Edit: lol Feliks comment


----------



## JTW2007 (Jul 22, 2011)

I find it pretty impressive that anyone could remember all that. I probably couldn't name 50 non-cubers.


----------



## JonnyWhoopes (Jul 22, 2011)

Compiling my sister's list. Will post late tonight.


----------



## Kirjava (Jul 22, 2011)

ack.

she only knows me because she's seen me naked D:


----------



## kprox1994 (Jul 22, 2011)

My list.

1. Faz, that WR guy.

The end.


----------



## StachuK1992 (Jul 22, 2011)

Kirjava said:


> ack.
> 
> she only knows me because she's seen me naked D:


 "No, I remember him because he's cute!"

Stefan:
Haha!


----------



## Kirjava (Jul 22, 2011)

d'aww >


----------



## Sa967St (Jul 22, 2011)

There were several Canadians on that list, yet I'm the only one she recognized only for being Canadian?


----------



## StachuK1992 (Jul 22, 2011)

Sa967St said:


> There were several Canadians on that list, yet I'm the only one she recognized only for being Canadian?


 Apparently she remembers you for "Totoro" better, because I referenced the fact that you have a Totoro backpack or something..and she wants it.


----------



## Sa967St (Jul 22, 2011)

StachuK1992 said:


> Apparently she remembers you for "Totoro" better, because I referenced the fact that you have a Totoro backpack or something..and she wants it.

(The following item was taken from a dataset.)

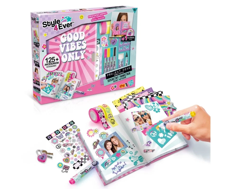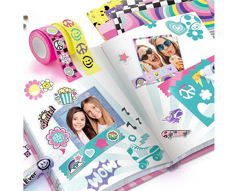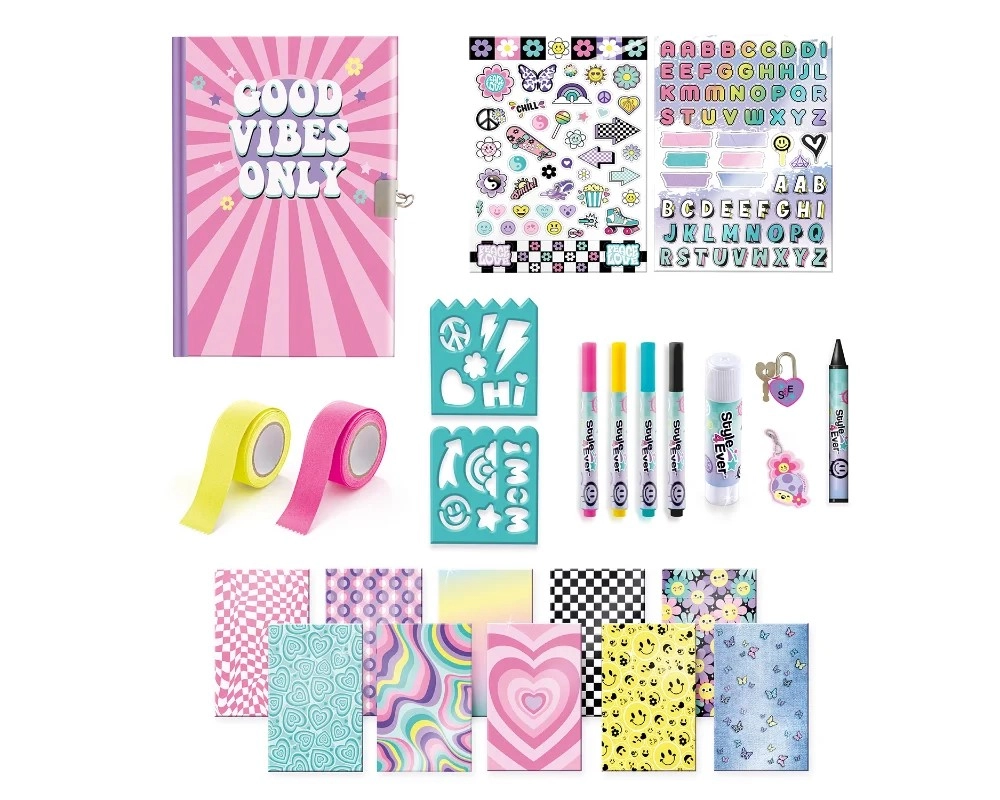 S tem zabavnim setom si otroci ustvarijo svoj osebni in varen dnevnik zahvaljujoč ključavnici, ki varuje njihove misli in doživetja. Bogata oprema spodbuja domišljijo in omogoča edinstveno personalizacijo – od barvitih vzorcev do izvirnih nalepk.

 I'll bring it to Nats, but she can't have it. :3


----------



## RyanReese09 (Jul 22, 2011)

Awesome, I'm on there.

#11 :3.


----------



## a small kitten (Jul 23, 2011)

I'm confused. So am I sexy or not?


----------



## Forte (Jul 23, 2011)

lololol who the heck is "juggles like swords and fire and knives"


----------



## ben1996123 (Jul 23, 2011)

Sky idk hand thingy lol.

cooldayr? if so, Sky Zangas.


----------



## Meep (Jul 23, 2011)

lolol @ Wonie's description


----------



## antoineccantin (Aug 5, 2011)

JonnyWhoopes said:


> Compiling my sister's list. Will post late tonight.


 
Are you almost done?


----------



## collinbxyz (Aug 5, 2011)

Ernie:
"World record!"

EDIT: And a big bump... he already said her list was something like:
Faz: WR dude
and that was it...


----------



## Cool Frog (Aug 5, 2011)

OHYEAH.. maybe description can change at nationals


----------



## JonnyWhoopes (Aug 5, 2011)

antoineccantin said:


> Are you almost done?


 
Haha, oh yeah, totally forgot about this. We started it and she never finished it and she probably won't. Sorry.


----------



## Dene (Aug 5, 2011)

Olook me and Emily are speshul <3


----------



## jms_gears1 (Aug 6, 2011)

Lawl, she knows me but theres no reason why xD


----------